• **EXERCISE INSTRUCTIONS**: Emit the data below verbatim, stripping out any pictures.

• **DATA UNDER STUDY**:

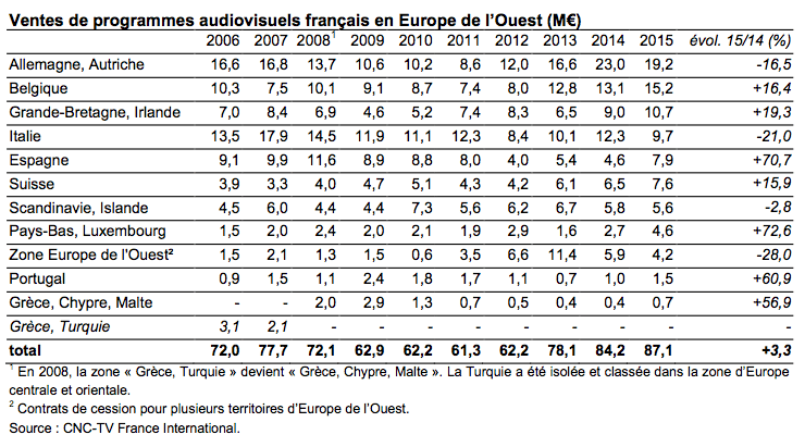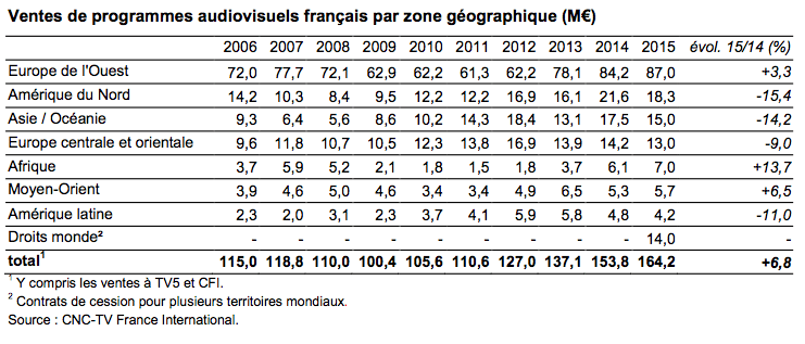 En 2015, plusieurs régions affichent des résultats en hausse. Les achats en Europe de l’Ouest augmentent de 3,3 % et renforcent le statut de première zone d’accueil des productions françaises. Ces achats sont portés par la croissance des marchés francophones (Belgique, Suisse) qui confirment leurs acquisitions en favorisant le documentaire et l’animation. De même, on enregistre une forte activité en Espagne (+70,7 %) ainsi qu’au Royaume-Uni (+19,3 %).
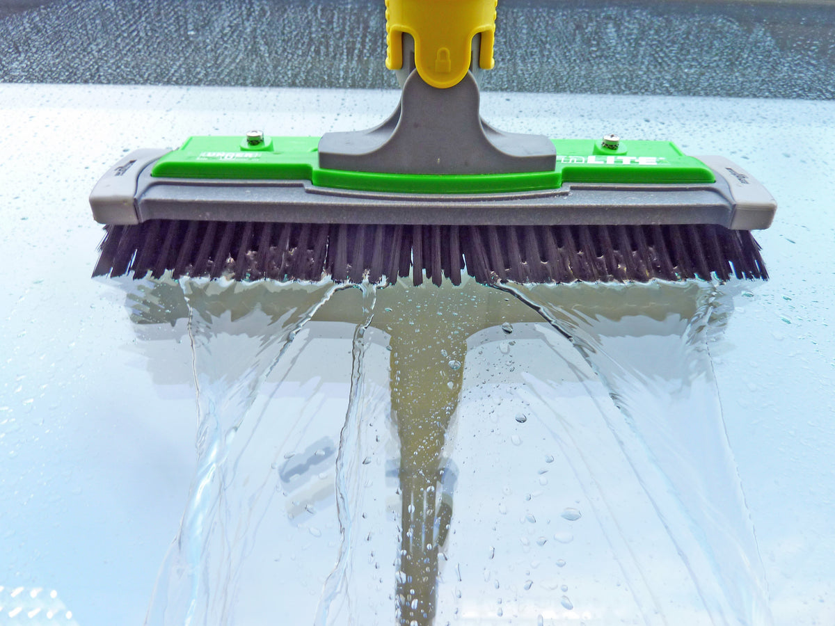 • Une rampe de buse de rinçage spéciale au-dessus de la brosse pour un rinçage puissant
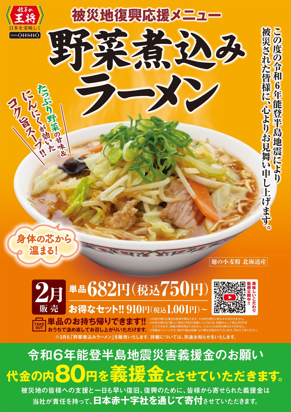 なお、「野菜煮込みラーメン」の2月の売上の一部(1杯につき80円)を、令和6年能登半島地震災害義援金として、日本赤十字社を通じて寄付させていただきます。
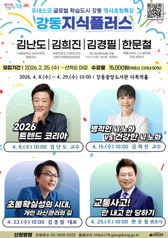 이수희 강동구청장은 “강동구가 ‘유네스코 글로벌 학습도시’로 선정된 만큼, 구민 누구나 일상 속에서 배움의 기회를 누릴 수 있도록 평생학습 기반을 더욱 탄탄히 다져가겠다”며 “이번 명사초청특강이 변화하는 시대를 읽고 삶의 방향을 설계하는 데 실질적인 도움이 되길 바란다”고 말했다.
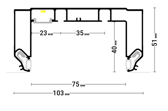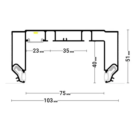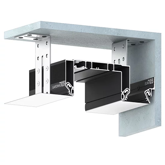 Профиль Flexy GARDINA2 05 для изготовления скрытых п-образных карнизных ниш с двумя пазами для установки штор и гардин. С подсветкой. Для гарпунной системы крепления полотна.
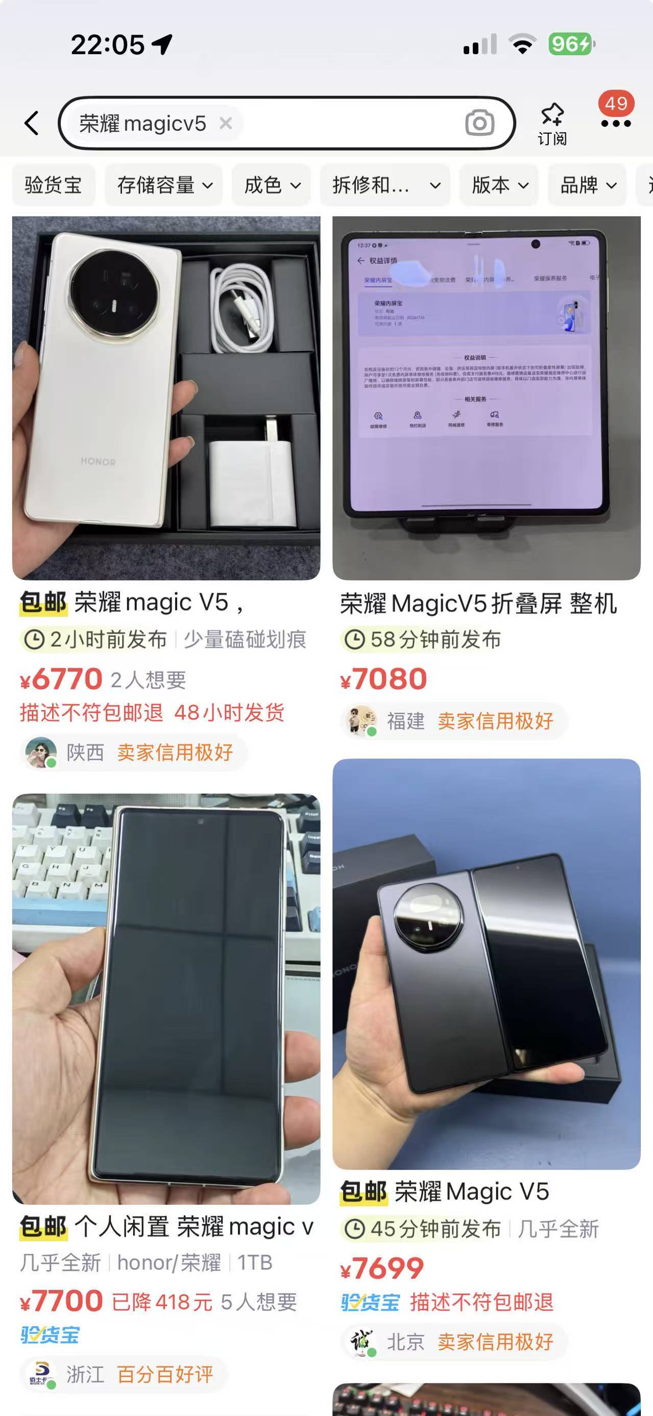 个人在海鲜市场看了一下,7000出头就能选到成色不错的16+512G版本荣耀Magic V5,再加几百元也能够到最大的16+1T版本,比起全新的V6,便宜了4000块呢!

• **EXERCISE ANSWER**:
 En 2015, plusieurs régions affichent des résultats en hausse. Les achats en Europe de l’Ouest augmentent de 3,3 % et renforcent le statut de première zone d’accueil des productions françaises. Ces achats sont portés par la croissance des marchés francophones (Belgique, Suisse) qui confirment leurs acquisitions en favorisant le documentaire et l’animation. De même, on enregistre une forte activité en Espagne (+70,7 %) ainsi qu’au Royaume-Uni (+19,3 %).
 • Une rampe de buse de rinçage spéciale au-dessus de la brosse pour un rinçage puissant
 なお、「野菜煮込みラーメン」の2月の売上の一部(1杯につき80円)を、令和6年能登半島地震災害義援金として、日本赤十字社を通じて寄付させていただきます。
 이수희 강동구청장은 “강동구가 ‘유네스코 글로벌 학습도시’로 선정된 만큼, 구민 누구나 일상 속에서 배움의 기회를 누릴 수 있도록 평생학습 기반을 더욱 탄탄히 다져가겠다”며 “이번 명사초청특강이 변화하는 시대를 읽고 삶의 방향을 설계하는 데 실질적인 도움이 되길 바란다”고 말했다.
 Профиль Flexy GARDINA2 05 для изготовления скрытых п-образных карнизных ниш с двумя пазами для установки штор и гардин. С подсветкой. Для гарпунной системы крепления полотна.
 个人在海鲜市场看了一下,7000出头就能选到成色不错的16+512G版本荣耀Magic V5,再加几百元也能够到最大的16+1T版本,比起全新的V6,便宜了4000块呢!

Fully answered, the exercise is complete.